Dynamic-Capacity MoE Models

Updated 26 February 2026

Dynamic-Capacity MoE models are architectures that adjust the number and type of activated experts per token based on input complexity and resource constraints.
They utilize dynamic gating, capacity-aware token assignment, and heterogeneous expert pools to efficiently balance computational load with task demands.
These models achieve enhanced throughput, parameter efficiency, and adaptability across multimodal applications while reducing memory and latency costs.

Dynamic-Capacity MoE models constitute a class of Mixture-of-Experts (MoE) architectures in which the number and/or type of activated experts—hence, the effective capacity—varies dynamically depending on input tokens, resource constraints, task modality, runtime context, or distributional shifts. Unlike static-capacity MoE models, which allocate a fixed subset of experts per token and maintain homogeneous expert size, dynamic-capacity MoEs employ adaptive routing and expert management to more efficiently align computational resources with content complexity or system constraints. Techniques include dynamic gating (e.g., Top-p/Top-K with adaptive thresholds), capacity-aware expert assignment/dropping, heterogeneous experts, hierarchical/stratified routing, and resource-aware aggregation and offloading. This paradigm has been demonstrated to improve computational efficiency, parameter utilization, domain and task adaptability, and deployability in both cloud and edge environments, across language, vision, speech, and multimodal settings.
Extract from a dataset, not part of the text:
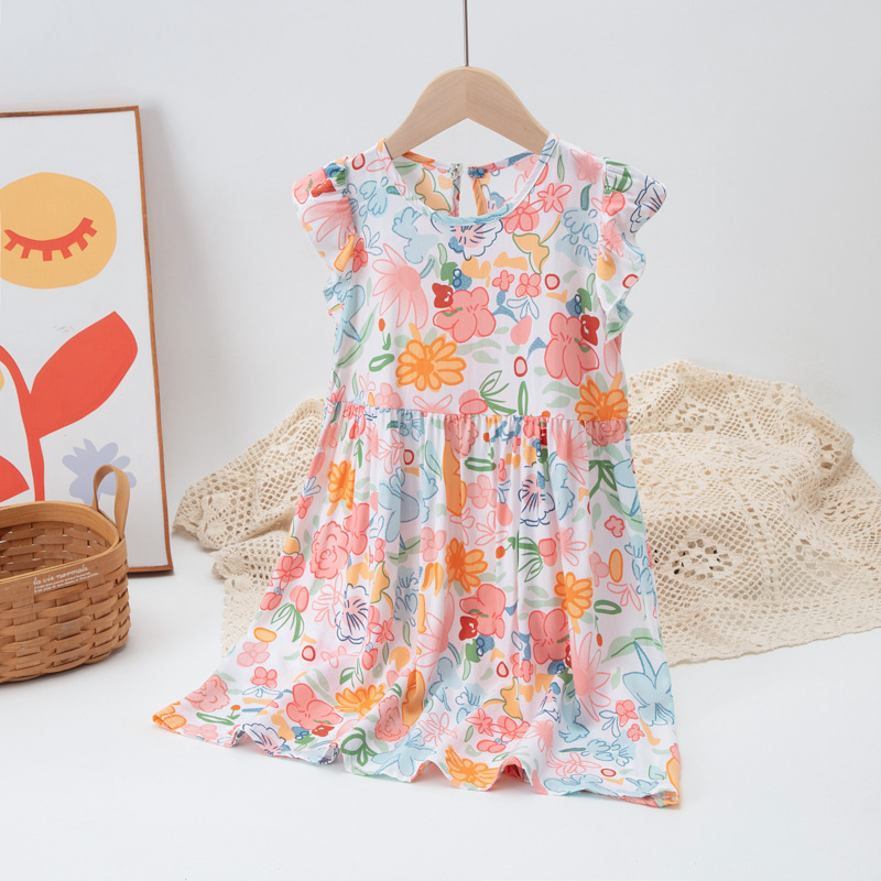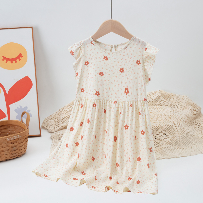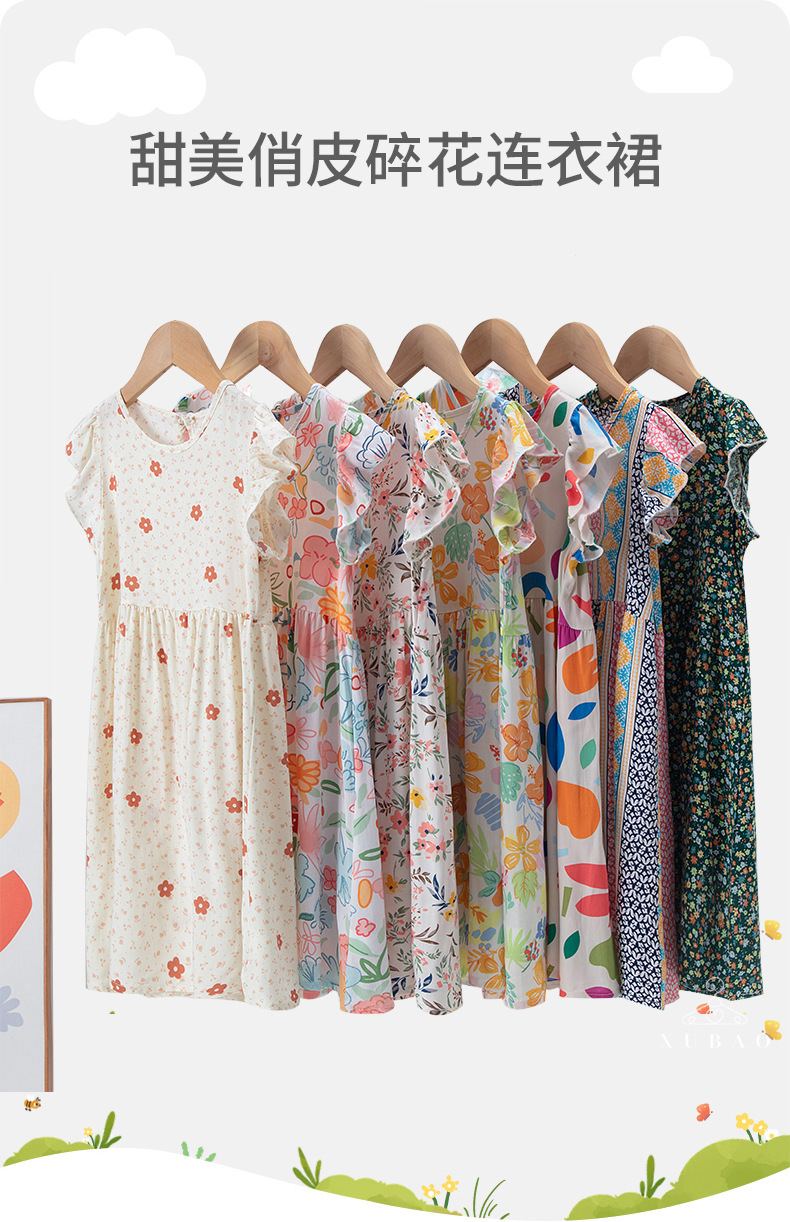 24 여름 어린이 달콤하고 쾌활한 목가적 인 꽃 원피스 큰 소녀의 세련된 팬페이 슬리브 공주 원피스스토어 가기

1. Core Principles and Definitions

Dynamic-capacity MoE refers to any sparsely activated expert framework in which the set or number of active experts per token (per batch or per time window) is not fixed a priori, but is computed on the fly via learned gating or system-level scheduling. Key variants include:

Token/Instance-Level Dynamic Routing: The router selects a variable number of experts for each token based on gating probabilities exceeding a Top-p threshold, as in Uni-MoE-2.0-Omni (Li et al., 16 Nov 2025), UniMoE-Audio (Liu et al., 15 Oct 2025), DTop-p MoE (Jin et al., 16 Dec 2025), and Grove MoE (Wu et al., 11 Aug 2025).
Capacity-Adaptive Inference: The model enforces per-expert capacity constraints (e.g., $\gamma\bar{N}$ ), using mechanisms such as token drop, reroute, or overflow discarding to mitigate imbalanced assignment and the "straggler effect" (He et al., 7 Mar 2025).
Device/Resource-Aware Capacity: Approaches like SwapMoE (Kong et al., 2023) and CoMoE (Li et al., 10 Aug 2025) dynamically limit the resident expert set in memory or adjust aggregation/offloading policies to satisfy real-time device or memory constraints.
Expert-Level Heterogeneity: Models such as Grove MoE (Wu et al., 11 Aug 2025) maintain variable expert sizes and share smaller "adjugate" experts within expert groups to induce per-token capacity allocation depending on the router's (often complexity-sensitive) scores.
Dynamic Specialization and Expansion: DynamicMoE (Kim, 24 Nov 2025) and DES-MoE (Li et al., 21 Sep 2025) permit growing or replicating experts in response to distributional shifts or new domains, while restricting fine-tuning to domain-relevant expert subsets.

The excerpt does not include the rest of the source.